After this analysis, from the 300 country-related clinical investigations associated with the 93 clinical studies concerning gene therapies in rare diseases, 73 gene therapy medical products were investigated, covering the 35 pathologies identified above and presenting more or less advanced stages of development ranging from phase I to market authorization. Of these, 62% are still in the early stages of clinical development (7% in phase I and 55% in phase II); 38% of them are at a more advanced stage in their development plans, with 19% of them in phase III and 19% of them having been approved for marketing in recent years between 2017 and early 2023 [Figure 5A].

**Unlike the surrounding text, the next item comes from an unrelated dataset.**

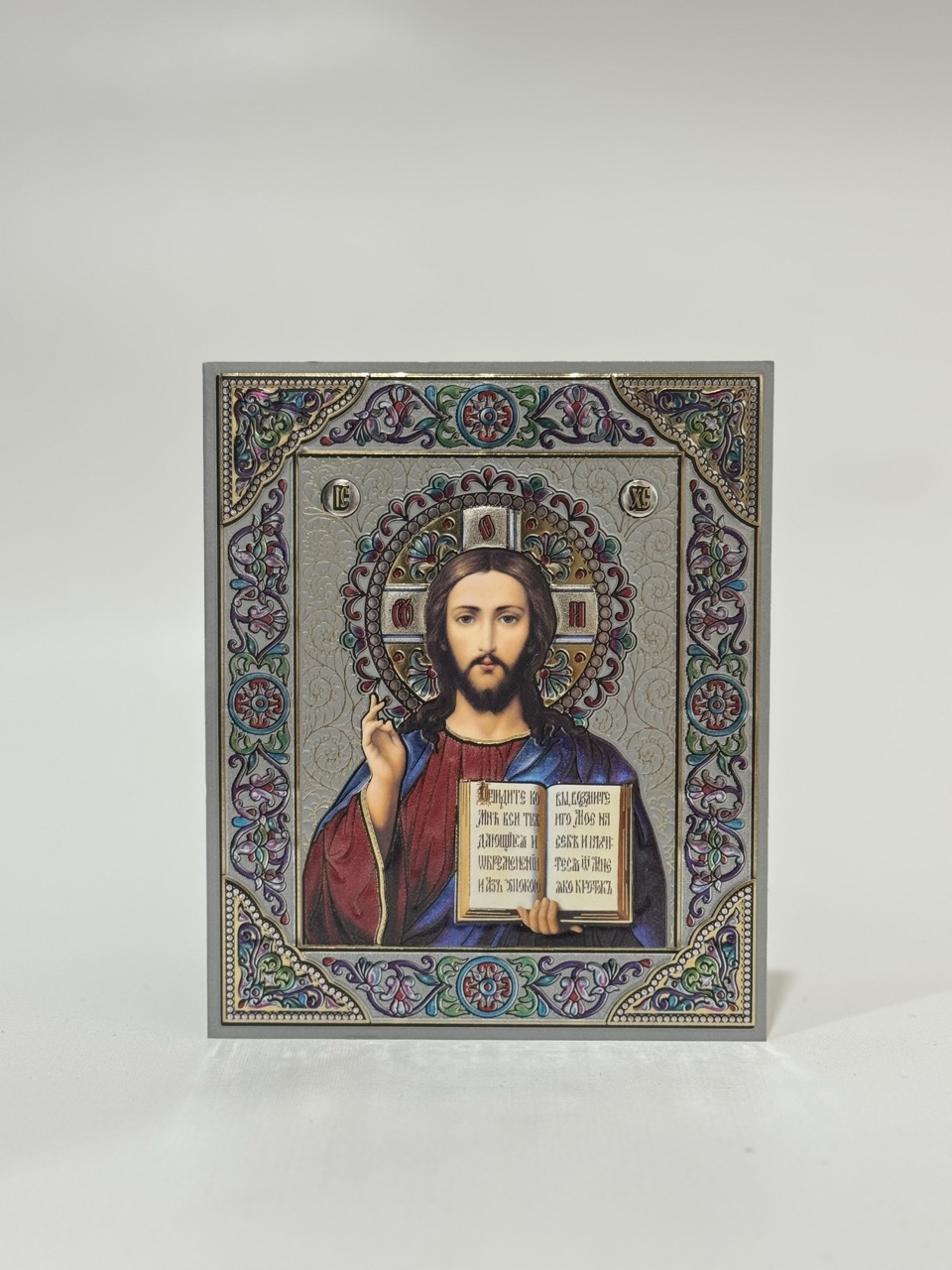 Лик полигр. 10х12, Серебро, оверпринт, цветы эмаль, Спаситель купить оптом от производителя

2017-2023: state of the art of gene therapies in rare diseases in Europe: the dynamics of clinical R&D, new approved treatments and expected therapies in the pipelines

Figure 5. Gene therapies in rare disease - information about stage of development. (A) pie chart representation of development stages of the 73 identified gene therapies ranging from phase I, II, and III to market authorization; (B) Diagram representation of the absolute number of gene therapies in development associated with both their therapeutic areas and their respective stages of development (from phase I to market authorization (in Europe and/or in US). The absolute number of individual therapies under development is presented to the right of each graph; (C) Table indicating information about new gene therapies for rare diseases authorized between 2017 and 2023; the information will cover associated therapeutic area, related condition, name of the product, sponsor name and year of approval (for authorized products), as well as the year of start or year of completion for gene therapies in stage III of development.

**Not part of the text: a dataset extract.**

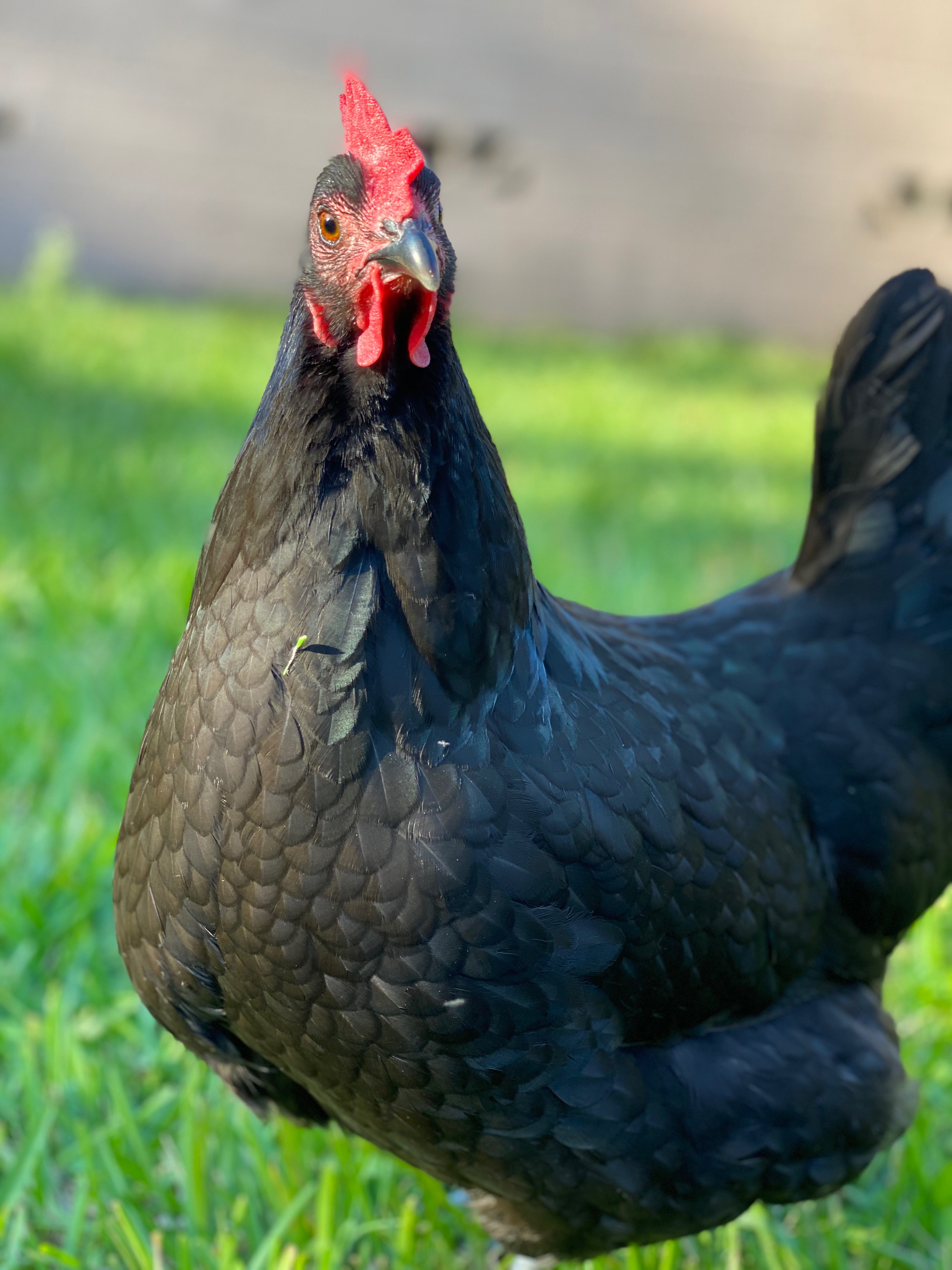 Curious Black Australourp hen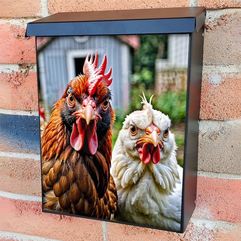 With this Grumpy Rooster and Chicken colonial mailbox cover it’s pretty easy to convert your mailbox to a special and unique item. These covers require a flat surface, so they work with colonial mailboxes that do not have any embossed decoration or signs. Magnetic mailbox covers work with steel colonial boxes only, while self-adhesive vinyl covers are available for aluminum, plastic and steel boxes. We also offer both self-adhesive and magnetic covers with regular opaque white vinyl or reflective vinyl, which works similarly to license plates or road signs. The reflective option makes the entire cover’s surface reflective, ensuring visibility at night. In case your mailbox doesn’t work with these covers, you can purchase the preinstalled cover on a brand new mailbox as well. Also, you can create your custom colonial mailbox cover using you own pictures, adding your name, street number, etc.

The most advanced gene therapies in rare diseases today primarily encompass a total of 12 newly approved therapies between 2017 and 2022 in Europe and/or the US; these therapies are designed for 8 rare diseases, categorized across 4 therapeutic areas, including rare oncology (n = 7), blood and lymphatic diseases (n = 3), nervous systems diseases (n = 2), and nutritional and metabolic diseases (n = 1) [Figure 5B]. However, this is only the first wave of the wave to come. At the time of writing, many more new gene therapies could be approved in the United States, Europe, or both regions by the end of 2023 and in the years to come. Indeed, 14 additional gene therapies are currently in Phase III for indication in 10 rare diseases included in the therapeutic areas of nutritional and metabolic diseases (n = 4), rare oncology (n = 1), blood and lymphatic diseases (n = 4), eye diseases (n = 2), musculoskeletal disorders (n = 2) and connective tissue diseases (n = 1) [Figure 5B]. Finally, a total of 45 gene therapies are still in the early stages of development (5 in phase I and 40 in phase II) for 30 rare diseases included in all the therapeutic areas identified above, excluding nervous system diseases [Figure 5B].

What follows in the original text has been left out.